2016-06-30
Living with Zen
By Ou Baholyodhin
Tuttle Publishing, 208 pp. "Living with Zen" is like browsing through pictures with a friend, one who has honed the art of engagement and who can illuminate the mysteries of Zen and the mechanics of its elusive concepts. The subject is the application of Zen Buddhist principles to interior design. Listening to this friend, you can feel the Western mindset of "more and "full steam ahead" opening up to antithetical ideas like emptiness and mindfulness. "Living with Zen" author Ou Baholyodhin pulls this off with brief explanations and beautiful photographs that reflect the simplicity and serenity, and the life of balance, that are the keys to Zen. The author is an acclaimed young Thai designer from the United Kingdom. He was awarded New Designer of 1997 at New York's International Contemporary Furniture Fair. As a design consultant to an impressive roster of clients, including The Conran Shop and designers Karl Lagerfeld, Kenzo, and Donna Karan, Baholyodhin has a skilled eye for the aesthetic of clean lines and details. Lush, full-page photographs of upscale interiors and exteriors and a minimum of text (also frequently oversize) make the Zen notion of stripping away all that is unnecessary very appealing. The book itself functions very simply, as if following the Zen viewpoint that considers the function of each object--it is this, not artifice, that is celebrated in Zen. It is simple and direct, like the design itself. "The
emphasis on simplicity makes Zen design or art seem surprisingly modern to the Western eye," writes Baholyodhin. "Lines are clean, pattern is minimal, colour is used with restraint." The book is broken into five sections: Nature, Living, Sleeping, Cleansing, and Eating. In Nature, a pond becomes "the eye of the garden." "The impression to strive for is of mysterious black depths (use a black pond-liner), water lilies, and fish that swim tantalizingly in and out of view. Water lily clumps would be thought of in Japan as islands in a vast sea." In the Living section, stunning photographs of living spaces, bedrooms, kitchens, baths, and workspaces show how to fit Zen into a Western lifestyle. "Most crucially," Baholyodhin writes, "in assimilating Zen into our daily lives, we learn to banish clutter, over-decoration, self-importance and excessive nostalgia--both in our surroundings and in the way we use them." He makes the case for appreciating the crack in a sculpture found in a flea market, the use of a tree trunk as side table, asymmetrical groupings of single blooms in crystal vases, natural light, pale plain bed linens, or a kitchen where all utensils are not hidden away, but exposed to be praised for their own merits. Unlike many design books, "Living with Zen" doesn't require the aspiring decorator to duplicate the many expensive design ideas shown. It is a book crafted to inspire and illuminate. You will not find "How-to" sections;
rather, the essence of a Zen principle represented in a photograph is highlighted with short passages or in the accompanying text. For instance, you learn that a single twig of fresh lavender on a white linen napkin is both decoration and a memento for dinner guests.

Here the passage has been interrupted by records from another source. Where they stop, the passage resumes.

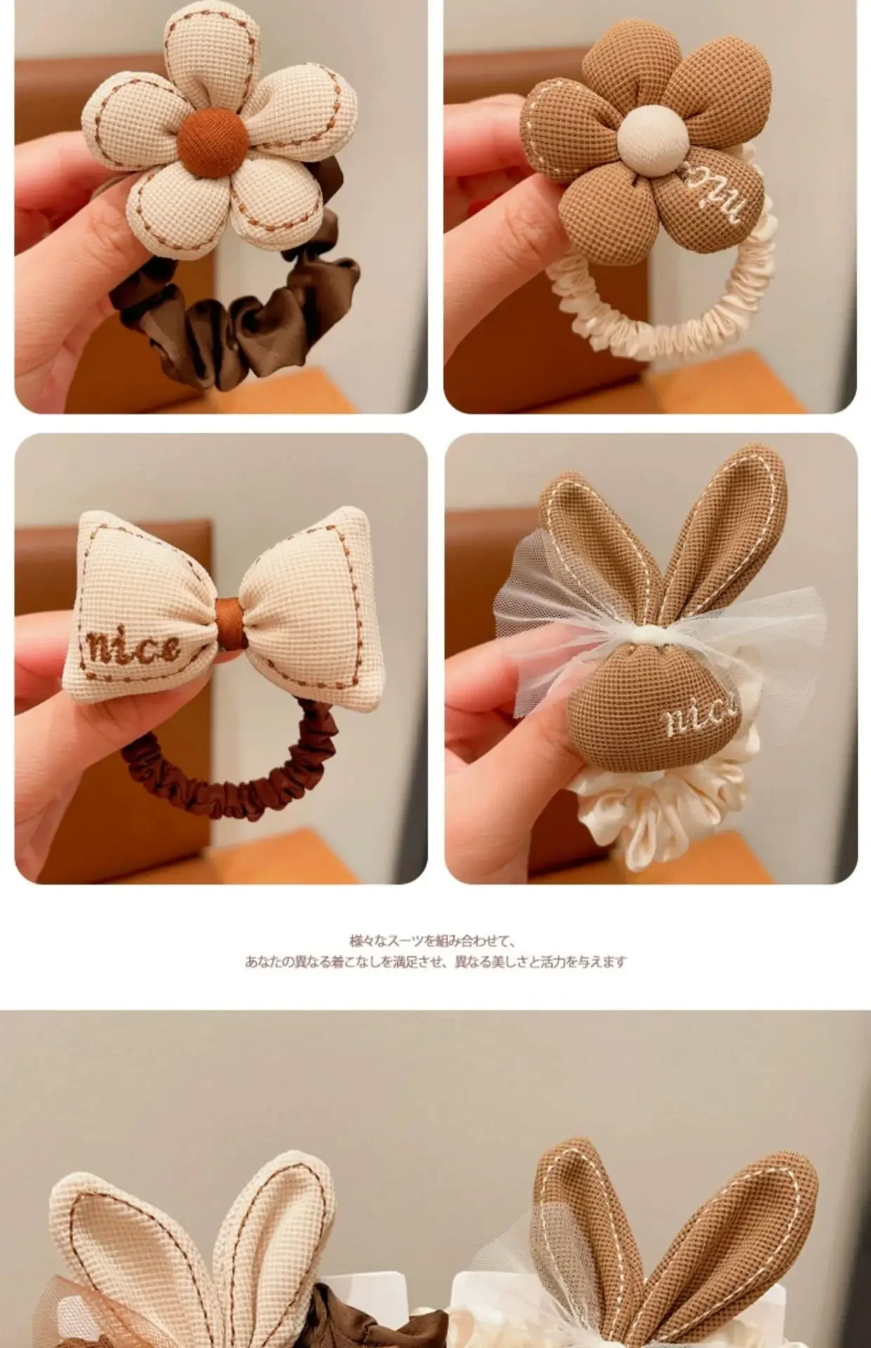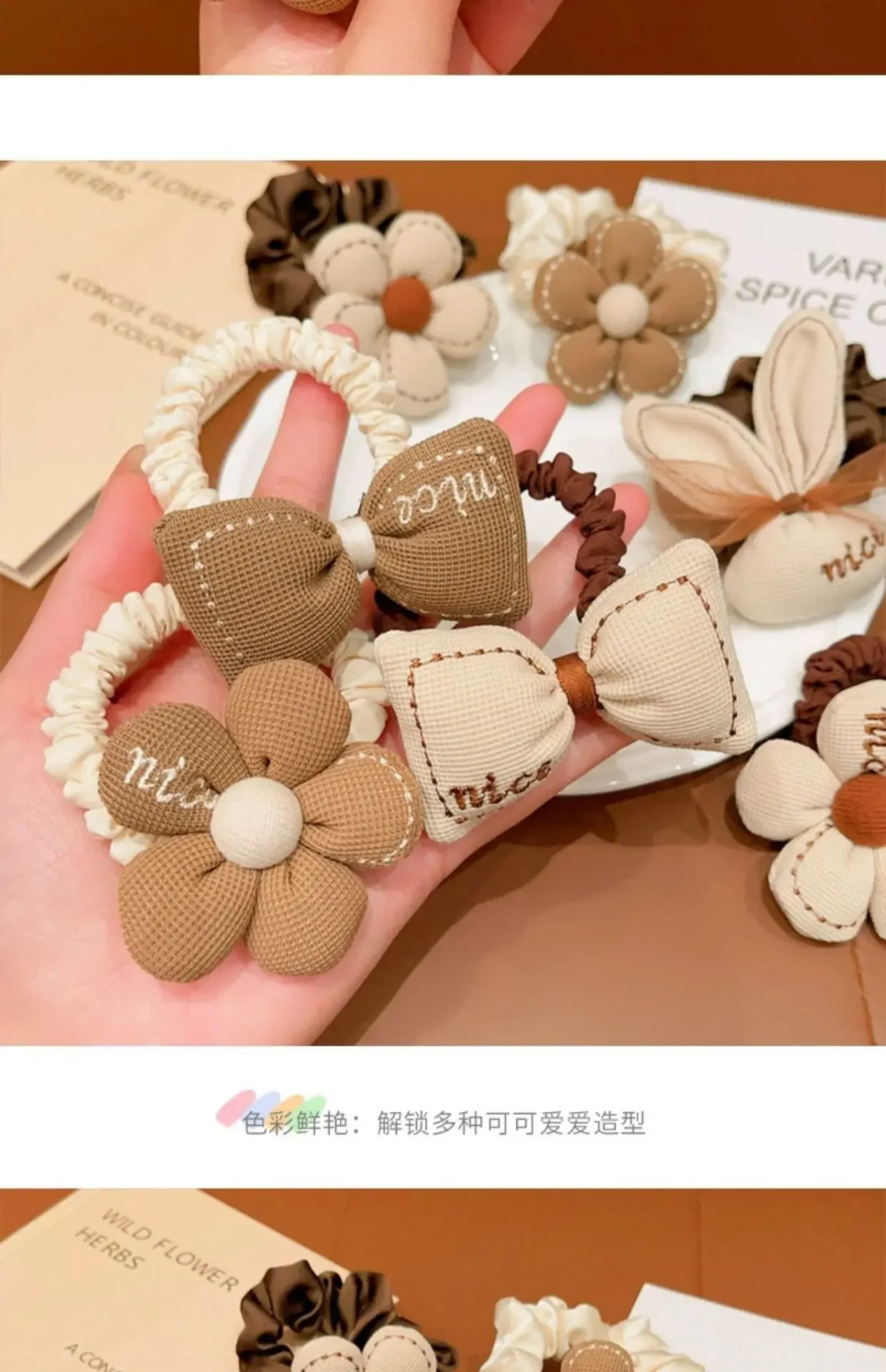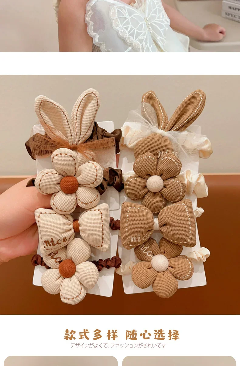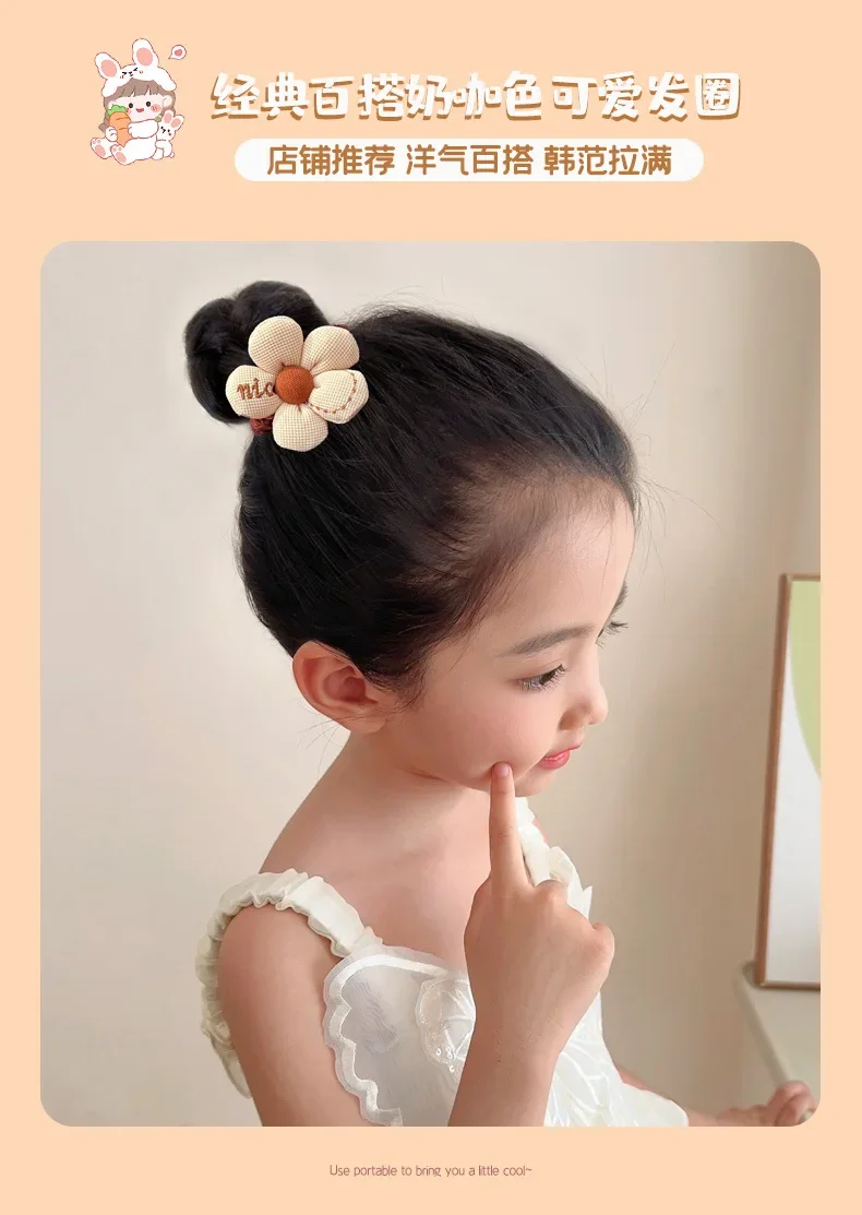 Bandas elásticas para el cabello de Chocolate de dibujos animados coreanos, lazos para el cabello de oso y conejo, cuerda para niñas, coleteros de flores con sonrisa de goma, soporte para cola de caballo para niños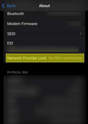 步骤 3.定位载体锁看看是否有无 SIM 卡限制在它旁边。如果有,则意味着您的 iPhone 已解锁,可以使用任何支持的网络。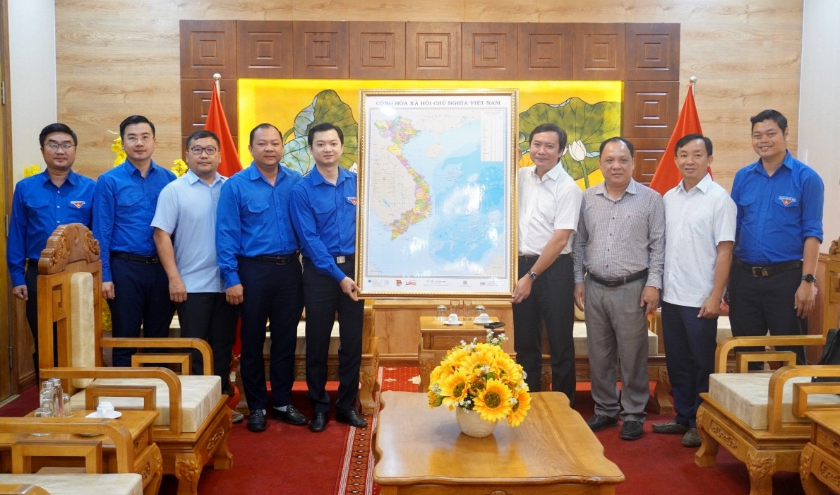 Đoàn công tác trao tặng Bản đồ Việt Nam cho lãnh đạo TP Hồng Ngự

The table is set in an exterior garden to illustrate the Zen concept of social courtesies. "Table settings are simple but ceremonious--perhaps with a symbolic gift for each guest," writes the author. Throughout the book, Baholyodhin places ancient Zen texts and poetry, like those from the 13th-century Zen master Dogen or the poet Basho. Other times more modern verses--Walt Whitman's or the artist Wassily Kandinsky's--drive home the point. But Baholyodhin's own words are the most effective. When he talks about the three basic elements of design--light, space, solidity--the author's own understanding of Zen resonates. "These three ingredients are the basic elements of spatial design. Notice in the chair above how light (or space) has a presence that is equal to the solid wood.... Light and shadow bring out the poetry of form, like the folds in a kimono that reveal the hidden postures of the body."

The greatest pleasure of "Living with Zen" is how it leaves us--in our own homes. Now, as we look at the many things we love all around us, we wonder if we love the thing itself--or just the notion of having it. In the willingness to look at our homes from the perspectives suggested in this book, we may find ourselves wishing for less.